The max memory allocated to the master node here is indicated by the spark.driver.memory parameter, which is about 5.6G. Seeing as how my driver is already sitting at 5G RAM usage before anything is loaded up, hopeless seems about right and I’m surprised I was even able to get as far as I got in the previous notebook.

But wait… does this mean I only had 0.5G of working memory left? That can’t be, as my dataset is 1.3G of raw data. Even loading it up as a parquet and processing it as much as I did (including group bys and such), it just doesn’t seem like 0.5G is enough.

This makes me question whether or not I’m reading the graph right, or even understanding the graph properly fundamentally. This feels a bit Player’s Tribune-ish (if you’re not a sports fan, please forgive this waste of your time), but I was never one of those kids that built computers for fun, you know? I begrudgingly learned transistors and FPGAs in school, but nothing at the OS level that would help me do what I do today. Ok. I’m done… Sorry.

Even with that unnecessary ramble, though, I think it’s important to understand what kind of background I come from because this is simply my path to data science. There are probably Comp Sci / Comp Eng folks out there who are laughing at my inability to read a Ganglia chart (and, to be honest, I didn’t even know what Ganglia was before I got into EMR), but who got put on this earth, went to a public school system and decent university, and understood math, stats, software development, scripting, computing, networking, compression, visualization… I could go on forever… right off the bat? I sure hope the answer is NOBODY because this blog is obsolete otherwise.

BACK TO GANGLIA… What I’m starting to think now is that the cached memory in Ganglia actually refers to the memory that the OS needs that is not dedicated to Spark. This would make more sense because, again, 0.5G for me to run the rest of my spark program does not make sense… Upon reading up a bit on cached memory on Red Hat, it seems that that may be in fact that it means. I know that stackoverflow isn’t the most official source, but this answer explains what I’m wondering pretty concisely (stackoverflow is pretty much the equivalent of citing Wikipedia in a research paper these days haha).
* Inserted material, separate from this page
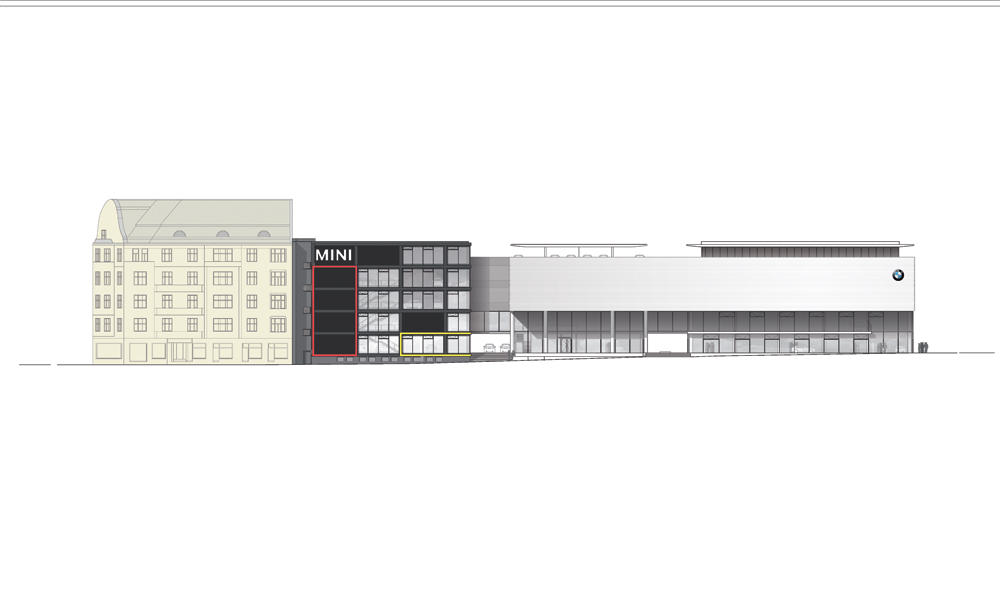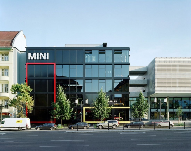 The complex consists of three different structures: BMW is formed as an interpretation of the Berlin block with a bright louvre facade, MINI as a black cube on the Kaiserdamm, the motorcycle center as a solitaire on the south side to the motorway and the exhibition center. A complex room program consisting of exhibition, service, office and car park areas is being composed into a complete form which gives the group a distinctive appearance.

Anyways, what Ganglia is showing us is the system memory. What our Spark config shows us is how much of that system memory is being given to Spark specifically.

7.8G\ Total\ RAM-2.8G\ Cache\ \&\ Buffer\ Memory=5G\ Free\ Memory

With 5.6G being allocated to Spark, we can start to perhaps see where that number is coming from. We can probably test this theory by loading up some data and processing it to see how the used and cached memories react to the activity, but let’s take a look at the worker nodes first.

Worker Nodes

We see a similar story in both cases here. Something like:

7.8G\ Total\ RAM-1.9G\ Cache\ \&\ Buffer\ Memory=5.9G\ Free\ Memory

I’m not quite sure why only 4.8G is being allocated to the executors, given our logic for the driver memory.

Loading Data

Let’s load up some data and see what happens to the cluster. I don’t anticipate too many changes, but I’ve already proven how little I know, so let’s take it step by step.

In [6]:
%%time
# Read NYPD Complaint Data
df_filtered = spark.read.parquet("s3n://2017edmfasatb/nypd_complaints/data/df_filtered.parquet")
df_filtered.cache()
CPU times: user 4 ms, sys: 4 ms, total: 8 ms
Wall time: 14.7 s

Let’s see what our memory looks like now:

Master

Workers

Easily the first thing I’m noticing: My driver is pretty much out of RAM already… I have like 1G left.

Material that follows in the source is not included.